TOON (Token-Oriented Object Notation) is a compact, human-readable format designed for LLM prompts. It achieves 30-60% token savings compared to JSON while maintaining structure and readability.

  • Token Efficient: Removes redundant punctuation and declares array structures once
  • LLM-Friendly: Explicit lengths and fields enable better validation
  • Tabular Arrays: Perfect for uniform data structures like user lists or analytics
  • Indentation-Based: YAML-like structure with minimal syntax

About JSON ⇄ TOON Converter

Sending JSON to a language model is expensive in tokens. Every object repeats its keys, and every bracket, quote, and comma counts. TOON (Token-Oriented Object Notation) keeps the same data but lays it out so that repeated structure is written once, which is why it can substantially cut the token count of structured payloads while staying readable to a human reviewing the prompt.

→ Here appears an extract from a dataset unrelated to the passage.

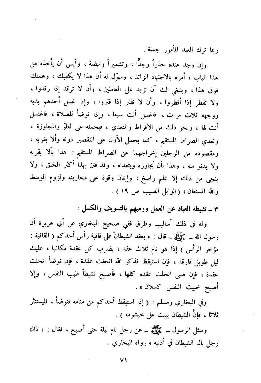 وله في ذلك أساليب وطرق، ففي صحيح البخاري عن أبي هريرة: أن رسول الله صلى الله عليه وسلم قال: (يعقد الشيطان على قافية رأس أحدكم (القافية: مؤخر الرأس) ، إذا هو نام ثلاث عقد، يضرب مكان كل عقدة، عليك ليل طويل فارقد، فإن استيقظ فذكر الله، انحلت عقدة، فإن توضأ، انحلت عقدة، فإن صلى، انحلت عقدة، فأصبح نشيطاً طيب النفس، وإلا أصبح خبيث النفس كسلان) (¬2) .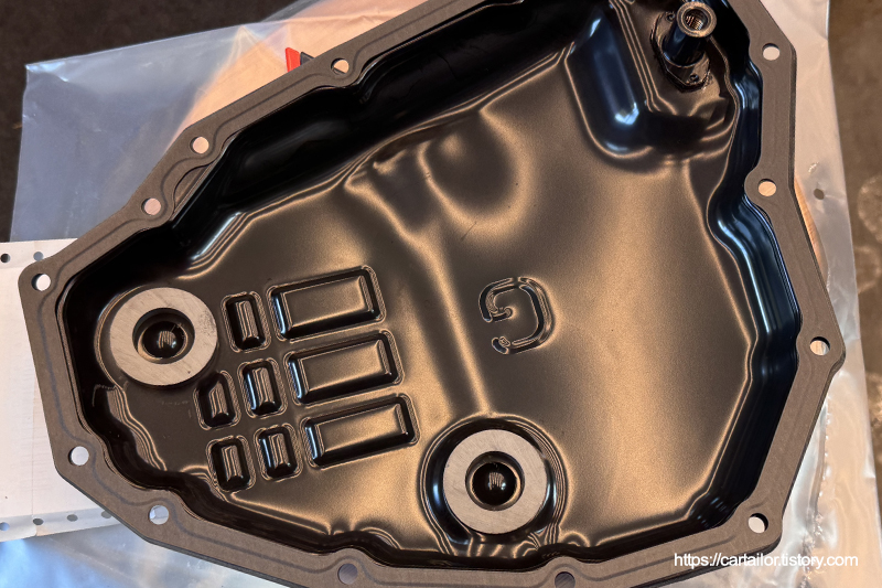 전용 세정제를 이용해 오일팬을 클리닝한 후, 신품 가스켓과 마그넷을 부착합니다.

This converter goes both ways. Paste JSON to get TOON you can drop into a prompt, or paste TOON to recover the original JSON your application expects. Because the round trip is lossless, you can store or transmit data as compact TOON and convert back to JSON at the boundary where your code needs it.

It runs in your browser, so nothing you paste is uploaded. That makes it safe for real request and response payloads, including ones with data you'd rather not send to a third-party service just to reformat it.

How to use JSON ⇄ TOON Converter

  1. Pick a direction

    Decide whether you're going JSON to TOON (to shrink a prompt) or TOON back to JSON (to feed your application).

  2. Paste your input

    Drop a JSON object or array, or a TOON document, into the input. A valid document converts; malformed input is reported so you can fix it.

  3. Review the converted output

    Read the result to confirm the structure survived the round trip — especially nested objects and arrays.

  4. Copy it where you need it

    Use the TOON in your LLM prompt to save tokens, or paste the JSON into your code or API request.